**WHAT YOU ARE ASKED TO DO:** Go to the line with "Lush white commercial" in the records below, then output it and each following line exactly, up to and including the line with "Peace of heart". Skip pictures and add nothing.

**INPUT DATA:**
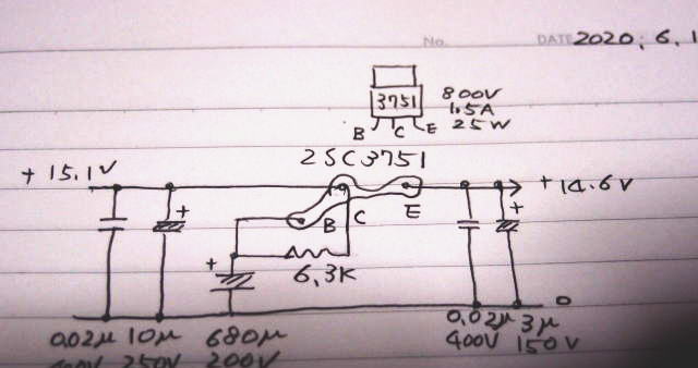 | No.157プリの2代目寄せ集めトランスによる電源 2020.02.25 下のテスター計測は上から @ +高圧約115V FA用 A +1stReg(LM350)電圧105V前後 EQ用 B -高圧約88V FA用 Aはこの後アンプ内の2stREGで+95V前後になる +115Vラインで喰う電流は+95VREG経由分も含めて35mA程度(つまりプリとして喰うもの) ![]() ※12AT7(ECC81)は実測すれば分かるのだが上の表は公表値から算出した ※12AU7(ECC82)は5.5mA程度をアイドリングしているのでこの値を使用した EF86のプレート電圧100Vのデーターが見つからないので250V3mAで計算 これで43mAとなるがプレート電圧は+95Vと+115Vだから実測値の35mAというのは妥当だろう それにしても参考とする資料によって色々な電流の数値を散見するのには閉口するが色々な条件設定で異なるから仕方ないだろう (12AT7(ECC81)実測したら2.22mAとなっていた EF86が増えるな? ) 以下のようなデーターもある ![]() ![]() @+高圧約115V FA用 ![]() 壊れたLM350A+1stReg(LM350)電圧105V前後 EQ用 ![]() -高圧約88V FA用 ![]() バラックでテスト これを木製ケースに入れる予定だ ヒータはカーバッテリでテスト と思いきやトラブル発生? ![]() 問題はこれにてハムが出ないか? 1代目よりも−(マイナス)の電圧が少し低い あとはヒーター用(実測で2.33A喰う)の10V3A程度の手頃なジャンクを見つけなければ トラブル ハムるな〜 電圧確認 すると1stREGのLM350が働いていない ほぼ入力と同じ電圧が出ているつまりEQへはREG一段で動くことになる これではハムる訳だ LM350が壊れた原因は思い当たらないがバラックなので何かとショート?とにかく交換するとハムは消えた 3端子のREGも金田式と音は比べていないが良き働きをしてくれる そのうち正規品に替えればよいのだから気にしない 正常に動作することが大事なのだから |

...

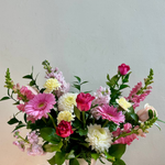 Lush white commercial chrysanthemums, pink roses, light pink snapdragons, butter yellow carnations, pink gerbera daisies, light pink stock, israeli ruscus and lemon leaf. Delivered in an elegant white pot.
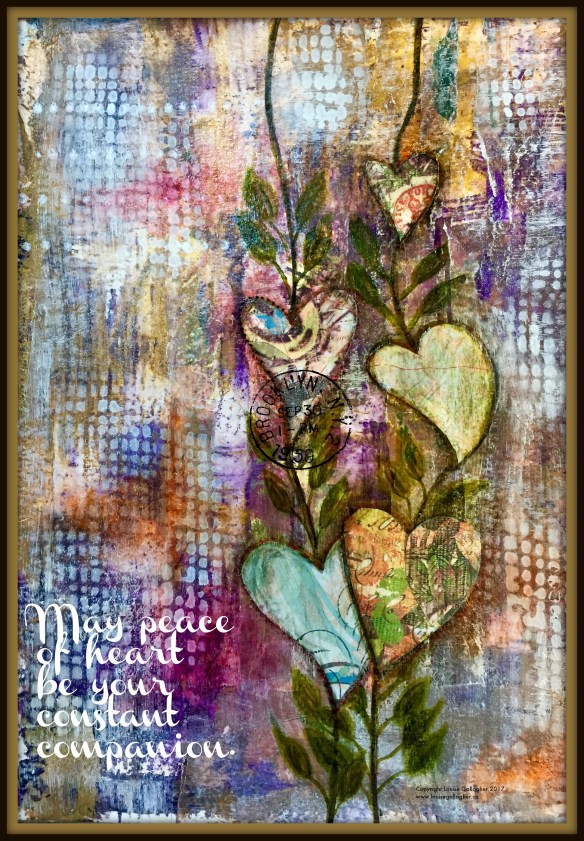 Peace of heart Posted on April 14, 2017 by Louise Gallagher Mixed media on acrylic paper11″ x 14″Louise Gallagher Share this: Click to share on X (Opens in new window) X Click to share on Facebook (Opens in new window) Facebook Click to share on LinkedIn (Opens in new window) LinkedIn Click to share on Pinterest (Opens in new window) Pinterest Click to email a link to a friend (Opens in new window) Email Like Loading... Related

==

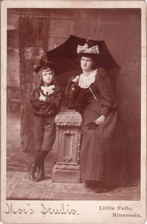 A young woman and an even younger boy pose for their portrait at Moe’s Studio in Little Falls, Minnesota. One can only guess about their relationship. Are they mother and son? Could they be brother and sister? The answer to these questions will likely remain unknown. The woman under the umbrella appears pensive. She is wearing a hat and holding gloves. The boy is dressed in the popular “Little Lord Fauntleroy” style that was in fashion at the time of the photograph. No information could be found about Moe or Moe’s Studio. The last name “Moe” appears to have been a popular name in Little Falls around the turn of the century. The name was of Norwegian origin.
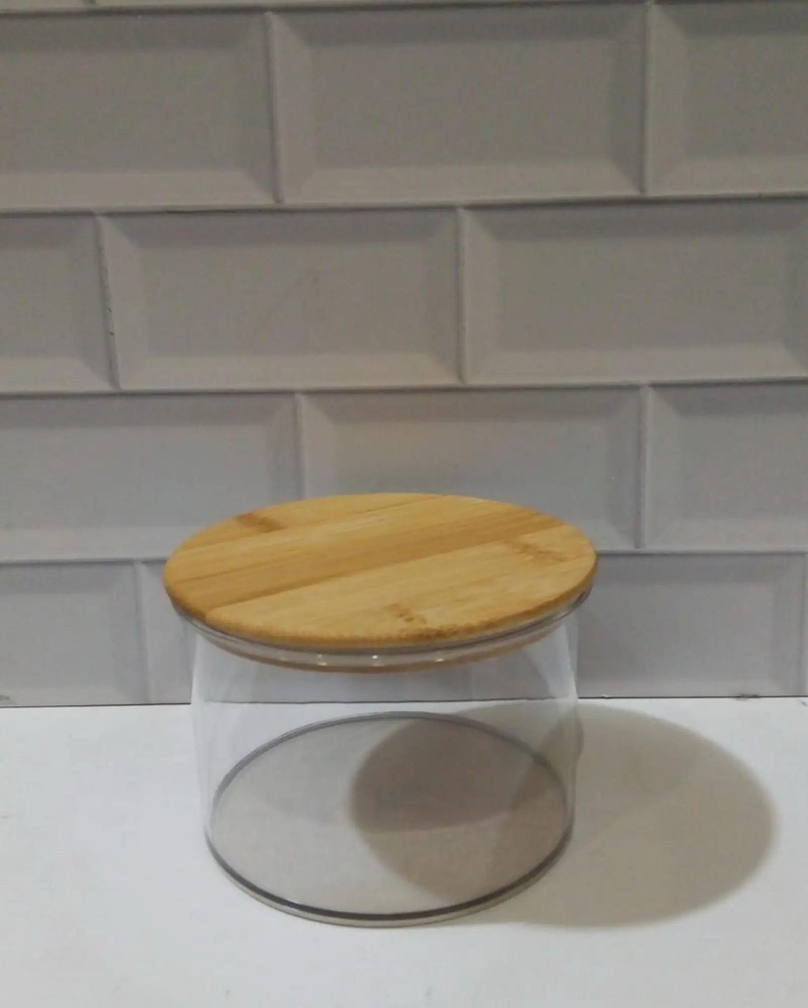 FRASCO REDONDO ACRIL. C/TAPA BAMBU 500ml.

**OUTPUT OF THE EXERCISE:**
 Lush white commercial chrysanthemums, pink roses, light pink snapdragons, butter yellow carnations, pink gerbera daisies, light pink stock, israeli ruscus and lemon leaf. Delivered in an elegant white pot.
 Peace of heart Posted on April 14, 2017 by Louise Gallagher Mixed media on acrylic paper11″ x 14″Louise Gallagher Share this: Click to share on X (Opens in new window) X Click to share on Facebook (Opens in new window) Facebook Click to share on LinkedIn (Opens in new window) LinkedIn Click to share on Pinterest (Opens in new window) Pinterest Click to email a link to a friend (Opens in new window) Email Like Loading... Related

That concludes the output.